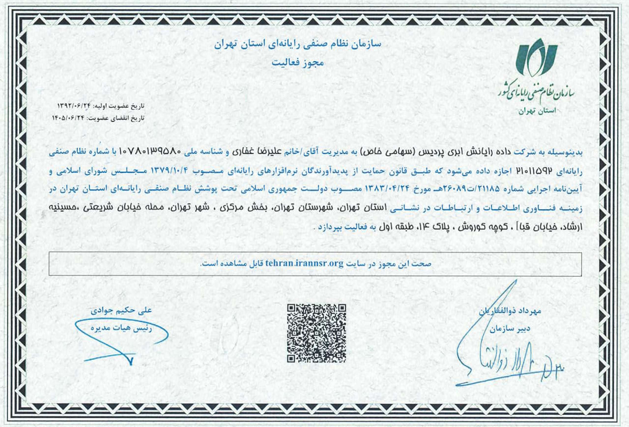 مجوز سازمان نظام صنفی رایانهای استان تهران
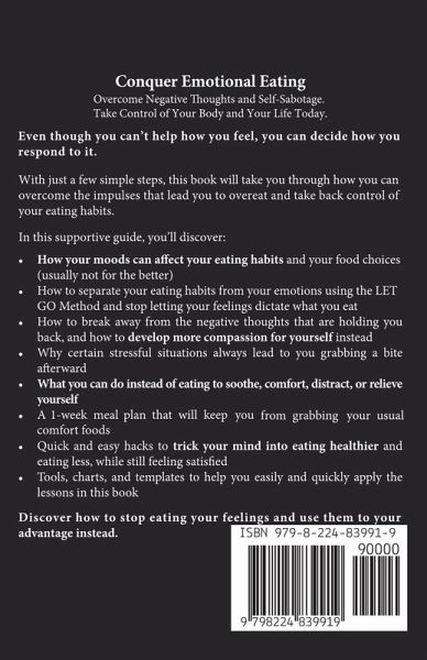 Have you ever wondered what it would take to finally stop struggling with emotional eating? Do you have trouble controlling what and how much you eat? Your emotions have more impact on your body than you realize - influencing what, when, and how much you eat, as well as your ability to stick to a healthy lifestyle. That's because your feelings can dictate your behavior, especially if you don't know how to manage them. Emotional eating is when we eat not to fill our hunger but as a response to how we're feeling. We eat to feel better, to distract ourselves, or to release stress. But even though you can't help how you feel, you can decide how you respond to it. And you can learn how to respond more consciously to your emotions, so it never holds power over your actions again. All it takes is a straightforward method that will show you how to take control of your thoughts, be aware of your triggers, and listen to your emotions and needs. With just a few simple steps, this book will take you through how you can overcome the impulses that lead you to overeat and take back control of your eating habits. In this supportive guide, here is just a fraction of what you will discover: How your moods can affect your eating habits and your food choices (usually not for the better) How to separate your eating habits from your emotions using the LET GO Method and stop letting your feelings dictate what you eat How to break away from the negative thoughts that are holding you back, and how to develop more compassion for yourself instead How to distinguish between real hunger that you need to fill with food... and emotional hunger that shouldn't be filled by eating Why certain stressful situations always lead to you grabbing a bite afterwards What you can do instead of eating to soothe, comfort, distract, or relieve yourself How to eat mindfully and appreciate your food, and how eating this way can help you avoid overeating Quick and easy hacks to trick your mind into eating healthier and eating less, while still feeling satisfied Tools, charts, and templates to help you easily and quickly apply the lessons in this book And much more. As a bonus, included is a 1-week meal plan that will keep you from grabbing your usual comfort foods. Instead of pushing down or ignoring your feelings, you need to pay attention to them and find out what it is you really need. Your emotions are trying to tell you something. It's time to stop muffling their voice with food and start listening to what your feelings are saying. You'll find yourself fulfilled not just physically, but emotionally as well.
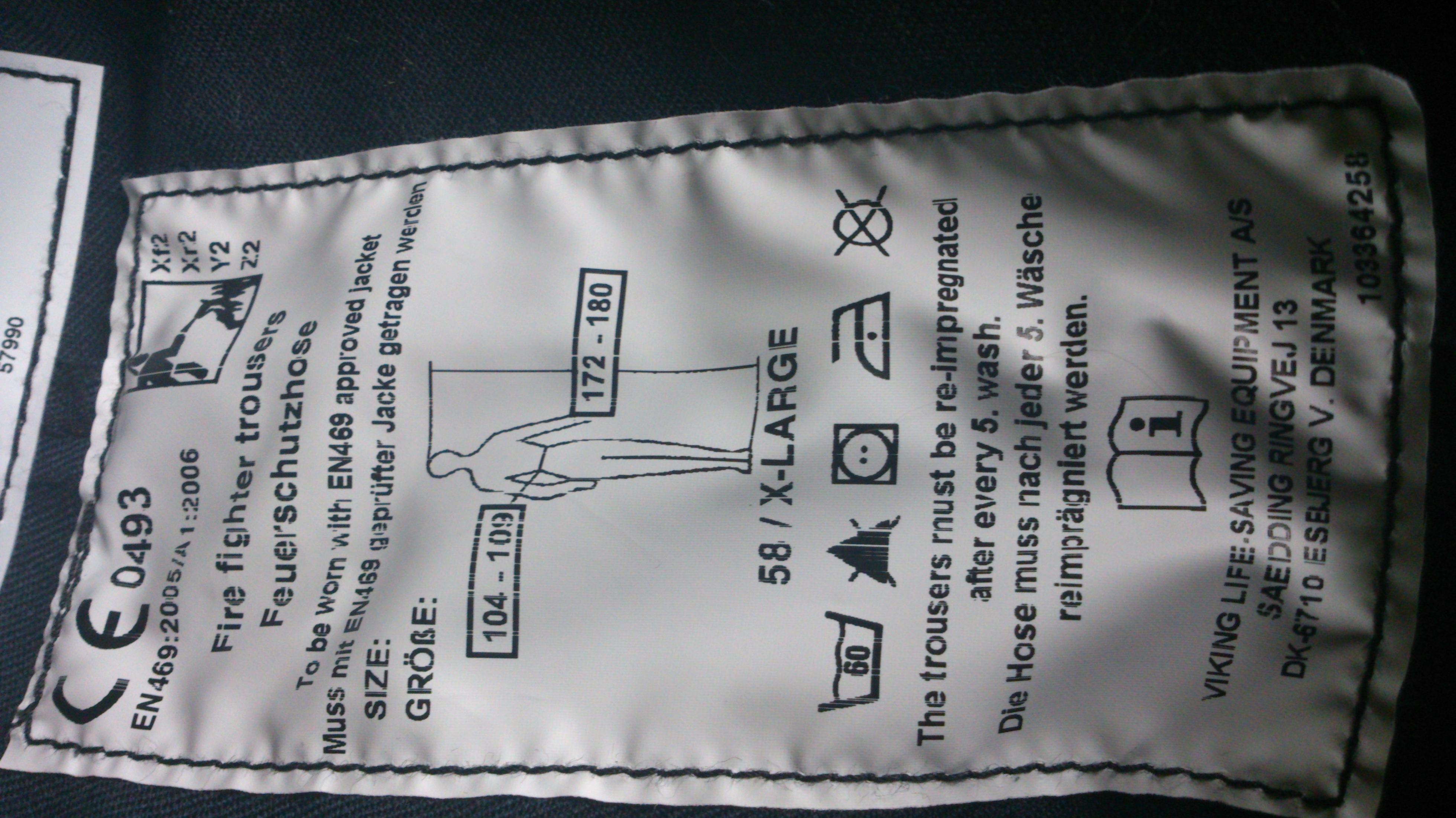 Nach EN 469 erfüllt sie in den vier Anforderungen jeweils die höhere der beiden existenten Schutzstufen (Symbol oben rechts auf dem Einnäher). Eine weitere Hose ist zur Erfüllung dieser Kriterien nicht erforderlich.

■ Aim of the task ■
Reproduce the data above verbatim, minus any images.

■ Written reply ■
 مجوز سازمان نظام صنفی رایانهای استان تهران
 Have you ever wondered what it would take to finally stop struggling with emotional eating? Do you have trouble controlling what and how much you eat? Your emotions have more impact on your body than you realize - influencing what, when, and how much you eat, as well as your ability to stick to a healthy lifestyle. That's because your feelings can dictate your behavior, especially if you don't know how to manage them. Emotional eating is when we eat not to fill our hunger but as a response to how we're feeling. We eat to feel better, to distract ourselves, or to release stress. But even though you can't help how you feel, you can decide how you respond to it. And you can learn how to respond more consciously to your emotions, so it never holds power over your actions again. All it takes is a straightforward method that will show you how to take control of your thoughts, be aware of your triggers, and listen to your emotions and needs. With just a few simple steps, this book will take you through how you can overcome the impulses that lead you to overeat and take back control of your eating habits. In this supportive guide, here is just a fraction of what you will discover: How your moods can affect your eating habits and your food choices (usually not for the better) How to separate your eating habits from your emotions using the LET GO Method and stop letting your feelings dictate what you eat How to break away from the negative thoughts that are holding you back, and how to develop more compassion for yourself instead How to distinguish between real hunger that you need to fill with food... and emotional hunger that shouldn't be filled by eating Why certain stressful situations always lead to you grabbing a bite afterwards What you can do instead of eating to soothe, comfort, distract, or relieve yourself How to eat mindfully and appreciate your food, and how eating this way can help you avoid overeating Quick and easy hacks to trick your mind into eating healthier and eating less, while still feeling satisfied Tools, charts, and templates to help you easily and quickly apply the lessons in this book And much more. As a bonus, included is a 1-week meal plan that will keep you from grabbing your usual comfort foods. Instead of pushing down or ignoring your feelings, you need to pay attention to them and find out what it is you really need. Your emotions are trying to tell you something. It's time to stop muffling their voice with food and start listening to what your feelings are saying. You'll find yourself fulfilled not just physically, but emotionally as well.
 Nach EN 469 erfüllt sie in den vier Anforderungen jeweils die höhere der beiden existenten Schutzstufen (Symbol oben rechts auf dem Einnäher). Eine weitere Hose ist zur Erfüllung dieser Kriterien nicht erforderlich.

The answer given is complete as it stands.